Absolute molar mass is a process used to determine the characteristics of molecules.

History 

The first absolute measurements of molecular weights (i.e. made without reference to standards) were based on fundamental physical characteristics and their relation to the molar mass. The most useful of these were membrane osmometry and sedimentation.

Another absolute instrumental approach was also possible with the development of light scattering theory by Albert Einstein, Chandrasekhara Venkata Raman, Peter Debye, Bruno H. Zimm, and others. The problem with measurements made using membrane osmometry and sedimentation was that they only characterized the bulk properties of the polymer sample. Moreover, the measurements were excessively time consuming and prone to operator error. In order to gain information about a polydisperse mixture of molar masses, a method for separating the different sizes was developed.  This was achieved by the advent of size exclusion chromatography (SEC).  SEC is based on the fact that the pores in the packing material of chromatography columns could be made small enough for molecules to become temporarily lodged in their interstitial spaces.
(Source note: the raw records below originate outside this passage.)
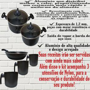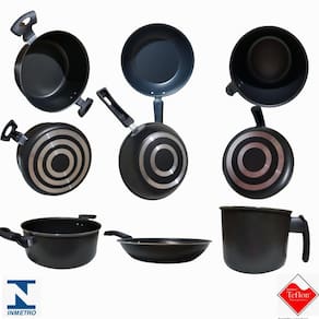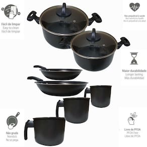 01 Caneco Antiaderente N14: Diâmetro de 14 cm 01 Caneco Antiaderente N16: Diâmetro de 16 cm 01 Caneco Antiaderente N12: Diâmetro de 12 cm 01 Panela Caçarola N22 Antiaderente: Diâmetro de 22 cm 01 Panela Caçarola N24 Antiaderente: Diâmetro de 24 cm
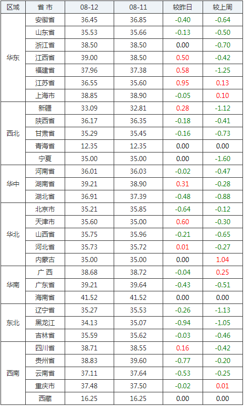 2020年08月12日全國內(nèi)三元生豬價(jià)格行情漲跌表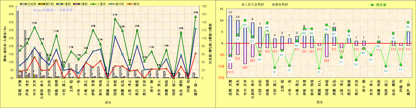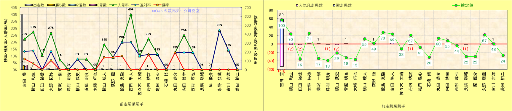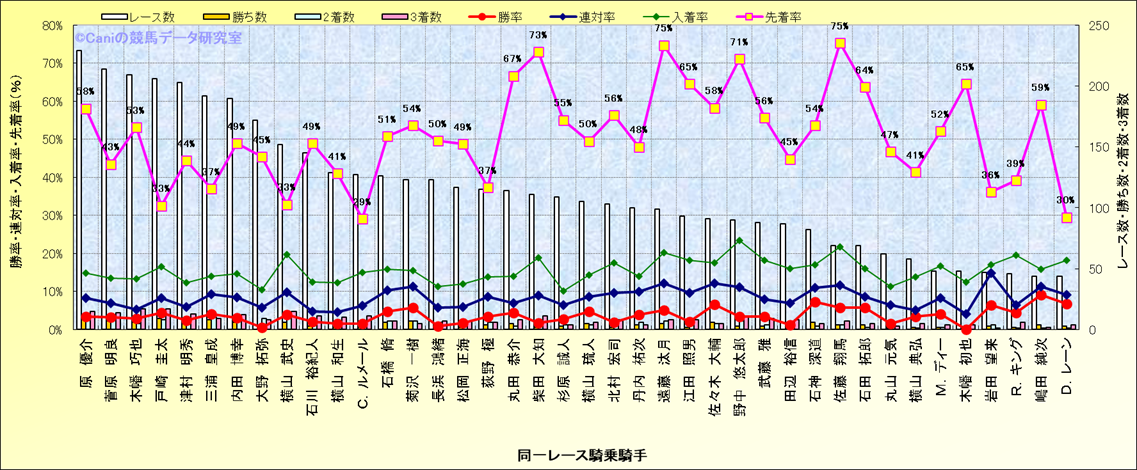 ライバル(相性)解析。 同一レースに下記騎手が騎乗した場合の成績と、その騎手に先着する先着率(近1年) |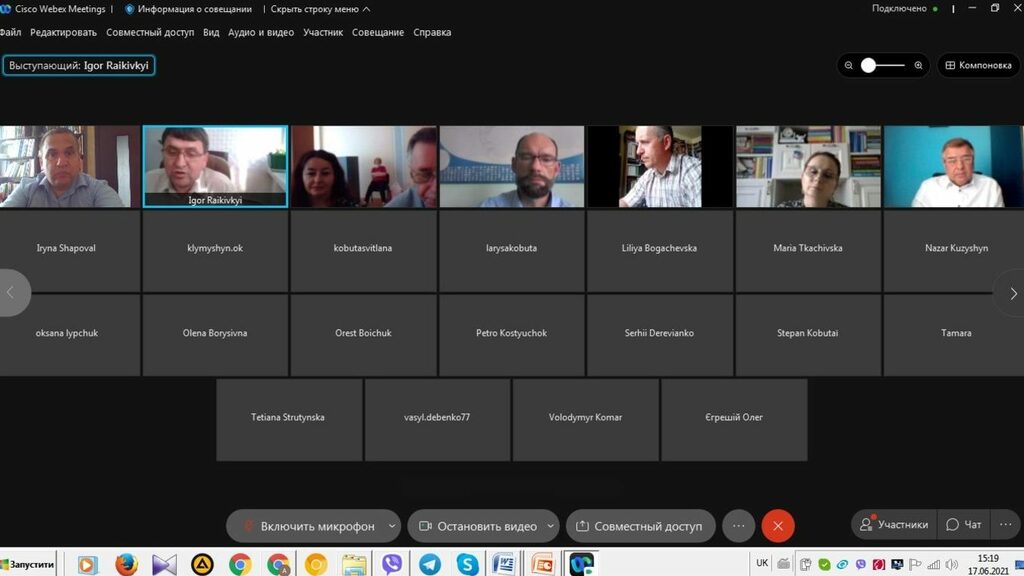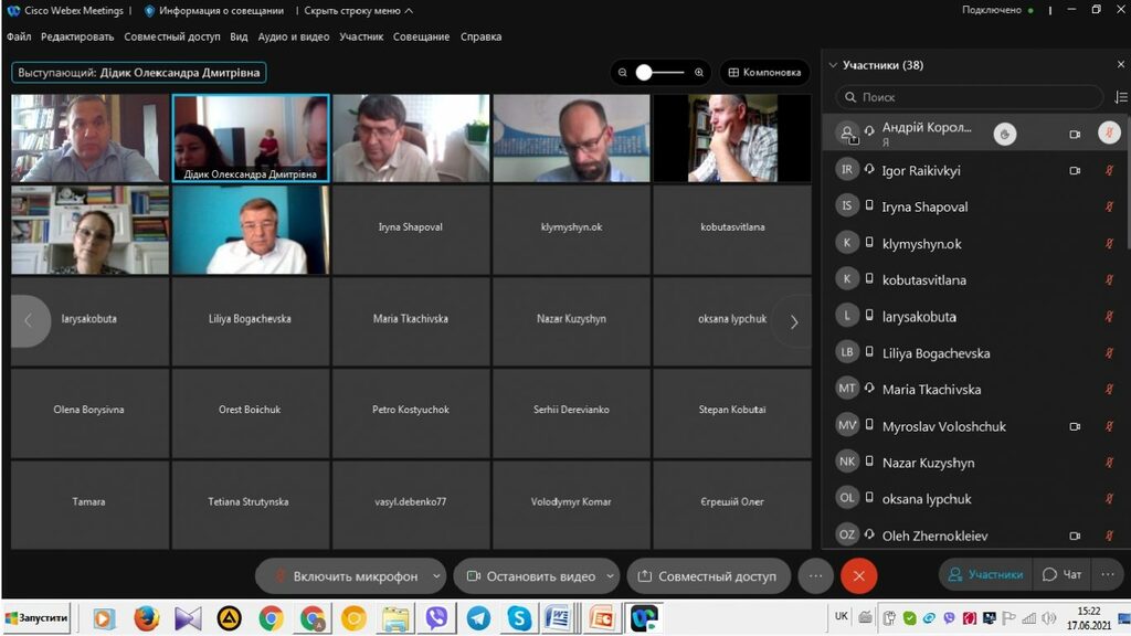 17 червня 2021 р. онлайн за допомогою сервісу платформи Cisco Webex Meeting відбулися загальні збори трудового колективу Факультету історії, політології і міжнародних відносин. На порядок денний було винесене питання заміщення вакантної посади завідувача кафедри історії України і методики викладання історії. Головуючою зборів обрано Л.В. Щербін, секретарем – О.Д. Дідик.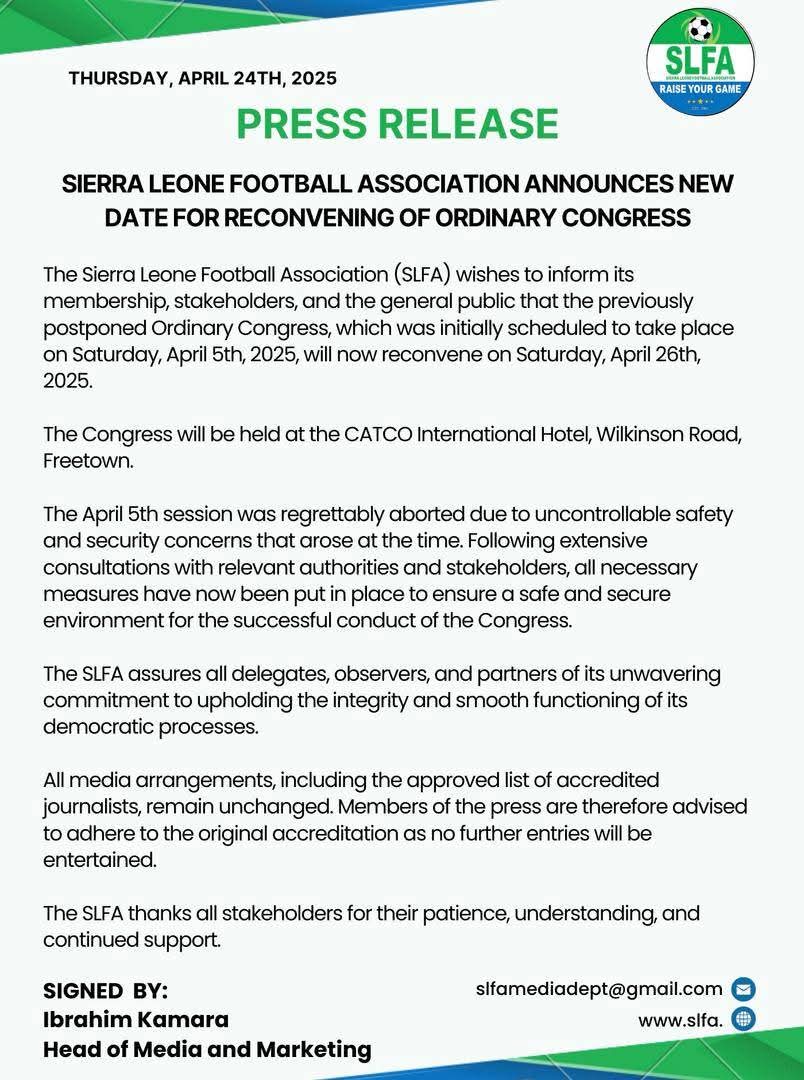The Sierra Leone Football Association (SLFA) has announced that its previously postponed Ordinary Congress will now reconvene on Saturday, April 26th, 2025, at the CATCO International Hotel, Wilkinson Road, Freetown.

As the sample makes its way through a column the smaller molecules spend more time traveling in these void spaces than the larger ones, which have fewer places to "wander". The result is that a sample is separated according to its hydrodynamic volume .  As a consequence, the big molecules come out first, and then the small ones follow in the eluent.  By choosing a suitable column packing material it is possible to define the resolution of the system.  Columns can also be combined in series to increase resolution or the range of sizes studied.

The next step is to convert the time at which the samples eluted into a measurement of molar mass.  This is possible because if the molar mass of a standard were known, the time at which this standard eluted should be equal to a specific molar mass. Using multiple standards, a calibration curve of time versus molar mass can be developed. This is significant for polymer analysis because a single polymer could be shown to have many different components, and the complexity and distribution of which would also affect the physical properties.  However this technique has shortcomings.  For example, unknown samples are always measured in relation to known standards, and these standards may or may not have similarities to the sample of interest. The measurements made by SEC are then mathematically converted into data similar to that found by the existing techniques.

The problem was that the system was calibrated according to the Vh characteristics of polymer standards that are not directly related to the molar mass. If the relationship between the molar mass and Vh of the standard is not the same as that of the unknown sample, then the calibration is invalid. Thus, to be accurate, the calibration must use the same polymer, of the same conformation, in the same eluent and have the same interaction with the solvent as the hydration layer changes Vh.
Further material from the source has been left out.